O'Hearn v. O'Hearn

ALPERT, Judge.

In this case, we are asked to decide whether an agreement of separation and property settlement, not under seal, when incorporated into a divorce decree, is subject to the 12-year period of limitations applied to specialties as provided in *539Md.Code Ann., Cts. & Jud.Proc. § 5-102(a) (1989 & Supp. 1993).1

John P. O’Hearn, appellant, and Jennifer A. O’Hearn, appellee, ended their marriage by a divorce decree dated April 23, 1981. On the same day, the couple also executed a stipulation delineating their settlement that was incorporated into the divorce decree. The decree provided, inter alia, that appellant pay medical bills not covered by insurance and orthodontic bills incurred with his express consent. On December 2, 1991, appellee filed a petition for contempt seeking arrearages in alimony and child support and an order requiring appellant to pay for all medical and orthodontic bills incurred by their children. Appellant responded by asserting the defense of laches and statute of limitations along with other defenses. Appellant filed a Motion for Partial Summary Judgment based on the statute of limitations. On November 9, 1992, appellee filed an “Amended Complaint to Enforce Child Support Obligations” that reiterated the earlier factual allegations and requested a finding of contempt for the unpaid medical and orthodontic bills incurred less than three years prior to December 2, 1991, and a judgment for the unpaid medical bills incurred more than three years prior to that date.
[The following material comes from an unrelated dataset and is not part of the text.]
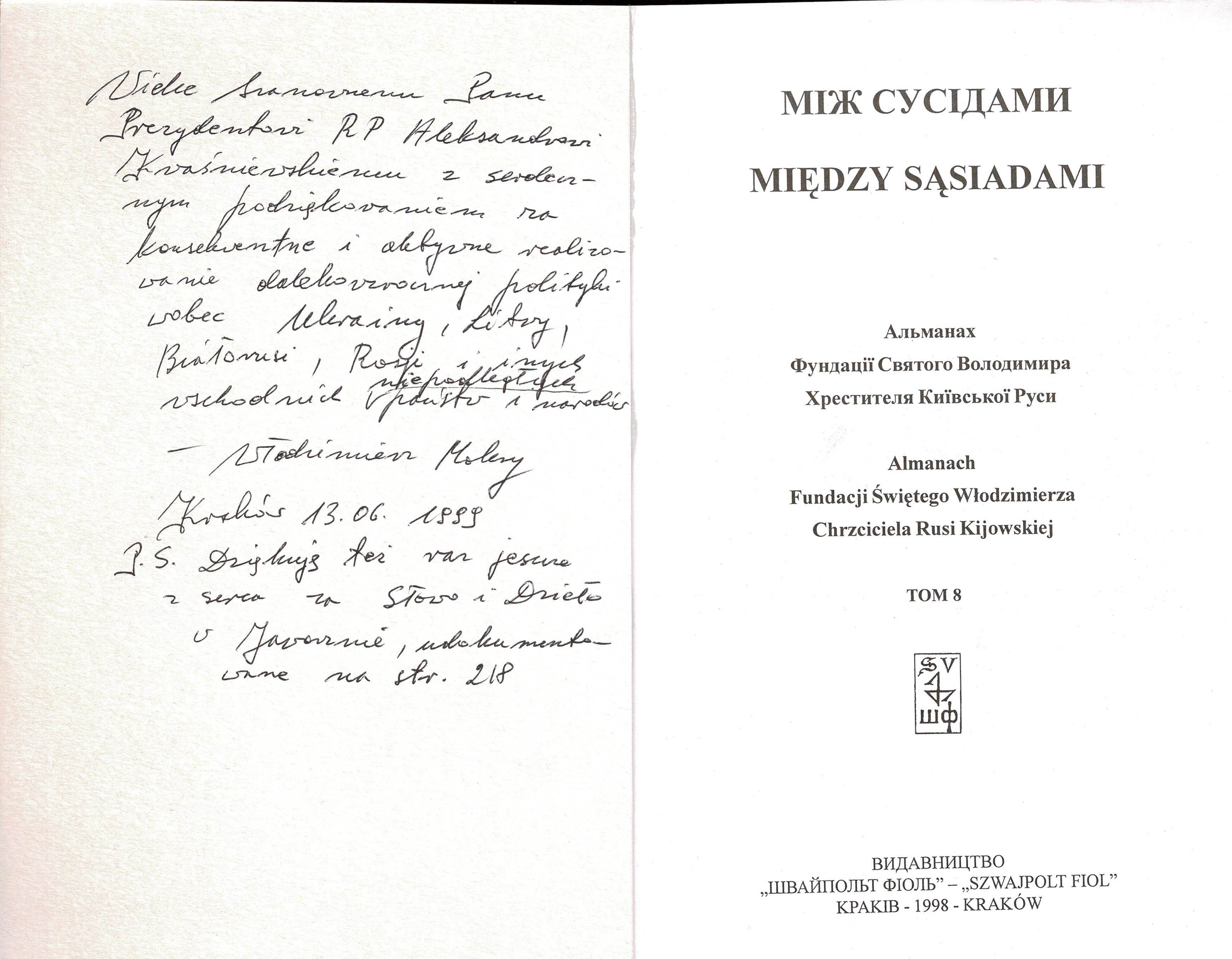 Treść dedykacji: Wielce Szanownemu Panu Prezydentowi RP Aleksandrowi Kwaśniewskiemu z serdecznym podziękowaniem za konsekwentne i aktywne realizowanie dalekoidącej polityki wobec Ukrainy , Litwy, Białorusi, Rosji i innych wschodnich nipodległych państw i narodów - Włodzimierz Mokry, Kraków 13.06.1999 P.S. Dziekuję też raz jeszcze z serca za słowo i dzieło w Jaworznie, udokumentowane na str. 218

The trial court declined to rule on appellant’s summary judgment motion; instead, a full hearing on the issues raised by appellant was scheduled. Appellee did not pursue her claim for arrearages for child support and alimony. The parties did, however, enter into a stipulation whereby they agreed on the amounts and dates of the bills in question. Specifically, they agreed that appellee incurred medical bills from three sources within twelve years from the date of their divorce decree. First, a bill from Drs. Pakula and Davik in the amount of $2,976.00, of which $1,459.00 was incurred more than three years prior to December 2, 1991. Second, a bill from Drs. Geating and McCambridge in the amount of *540$698.00, of which $365.00 was incurred more than three years prior to December 2, 1991. Third, a bill from Dr. Thomas A. Mclnnes, D.D.S., for orthodontic work beginning in July of 1987, in the amount of $5,400.00, that was presented to appellant for payment on October 10, 1988, and a separate bill in the amount of $270.00.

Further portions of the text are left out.